Читаем Том 4. Очерки. Черная металлургия полностью

В развитие разговора – объяснения Балышева и Сомовой. Возможно, он происходит после того, как Сомова уже побывала у своей подруги в областном центре (подруга – доктор наук, профессор мединститута, бактериолог), договорилась о научной деятельности. Перед ней большая дорога. Она говорит: «У детей Сомова другого отца не будет». Он пытается высмеять ее «аскетизм». Она смеется. Нет, она не осуждает тех, кто может, она не осудила бы и себя, если бы смогла, но она не может. «Но вы еще молоды, неужели вы думаете, что выдержите так всю жизнь? Не зарекайтесь!» – «Я не зарекаюсь, я знаю себя». Удивительно цельный характер: при физическом здоровье, жизнелюбии, жизнерадостности – это ее заверение не плод ума, а плод чувства. Она могла любить в жизни только Сомова. И уже совсем не могла любить Балышева. Он убеждается, что она бессознательно забавлялась им, как может забавляться очень добрый, уравновешенный и веселый ребенок чужой замысловатой, яркой игрушкой: привлекла внимание, повеселился, а взять ее себе даже желания не возникает, настолько органично чувство – «не мое».

* * *

Сомова делает маникюр, а рядом местная «львица» Олимпиада тоже делает маникюр у Леночки. «Львица» только что из Сочи, руки, плечи – все покрыл южный загар.

– А вы где загорели, Леночка?

– На трамвайных остановках.

Сомова заливается краской.

* * *

О стимулах повышения производительности труда при коммунизме. Отмирание индивидуалистического стимула и все большее место – стимул государственный, народный. При всеобщем достатке отпадет ревность в вопросе: «иметь и не иметь». Но стимул «славы», нового честолюбия – в смысле все большего признания тебя за пользу, принесенную тобой народу, – вырастет ли он или нет? Естественно, он, этот стимул, а главное – норма поведения в этих делах – станут (уже становятся) совершенно иными.

* * *

Две подруги-коммунистки, прокатчицы

Два характера, и два типа красавиц.

1. Очень светлая блондинка лет тридцати, белозубая, зеленоглазая, умная, опытная, даже скептик, с полными характерными губами (уголки книзу), с подпухшими (чуть-чуть!) веками, подбородок мягкий и сильный, – очень складная, неторопливая, полноватая, в мягком теплом тонком белом шерстяном платке, вольно, свободно повязанном, как бы небрежно накинутом, в яркой пестрой кофточке (знает, что надеть!), в черной юбке и черных ботинках на высоких каблуках. Улыбка – необъяснимая: и поманит и не допустит. Особенность выражения ее лицу придают брови: они светлые, но четко очерченные, и внутренние крылья бровей чуть шире и поставлены выше, чем тонкие, внешние. В спокойном состоянии в ее лице есть что-то грустное или печальное, что-то ею пережито тяжелое, – и вдруг – эта улыбка необъяснимая. Но может вдруг улыбнуться так, что пойдешь за ней, – уж очень женская и умная улыбка! Иногда она так огорчается или сердится, или обижается или презирает, что нижняя губка ее подпухает, даже тень ложится под губой. На самой бороздке над верхней губой у нее родинка, родинка на подбородке. Все формы ее тела и черты лица пропорциональные, округлые, такие же движения.

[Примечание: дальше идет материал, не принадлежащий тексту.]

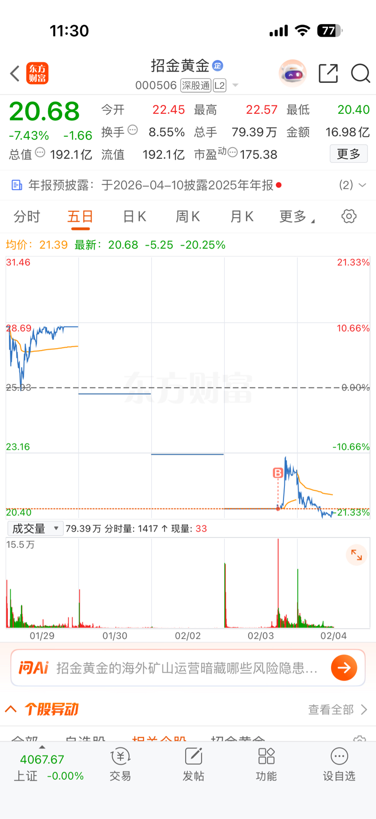 $招金黄金(SZ000506)$ 唉,说什么黄金大涨什么的,草都是托,开盘没卖现在一看亏钱
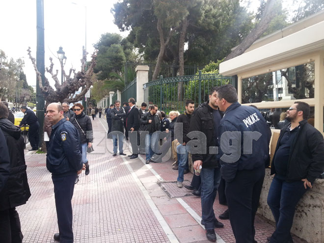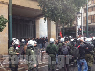 Η αστυνομία είχε αποκλείσει τον δρόμο με κλούβες στο ύψος της Παλιάς Βουλής. Οι εργαζόμενοι που προσπάθησαν να κινηθούν προς το Υπουργείο Οικονομικών, επιχείρησαν να βρουν δίοδο από τα πλαϊνά του δρόμου και να περάσουν προς το υπουργείο. Δημιουργήθηκε ένταση με τους αστυνομικούς, ωστόσο περίπου 20 άτομα κατάφεραν να περάσουν. Η αστυνομία προέβη σε περιορισμένη χρήση χημικών.

2. Крупная, броско-красивая, с широкими бедрами, крупными руками, каштановыми волосами, темно-карими глазами и черными бровями, яркими губами, очень подвижная, сильная, свободная в движениях, вольная в жестах, необыкновенно ясный чистый лоб, стройные сильные ноги. Ей 27–28 лет, одевается она просто, в цвета более темные, скромные, – все же она знает, какой платок ей носить – темно-малиновый, и когда она проходит, все оглядываются. Она во всем советуется со старшей и более опытной подругой, но в то же время обладает большей решительностью, стремительностью характера и в минуты, требующие быстрого решения, увлекает подругу своей непосредственностью. Все формы ее тела и черты лица резко обозначенные, в лице даже что-то асимметричное, но это еще больше ее красит.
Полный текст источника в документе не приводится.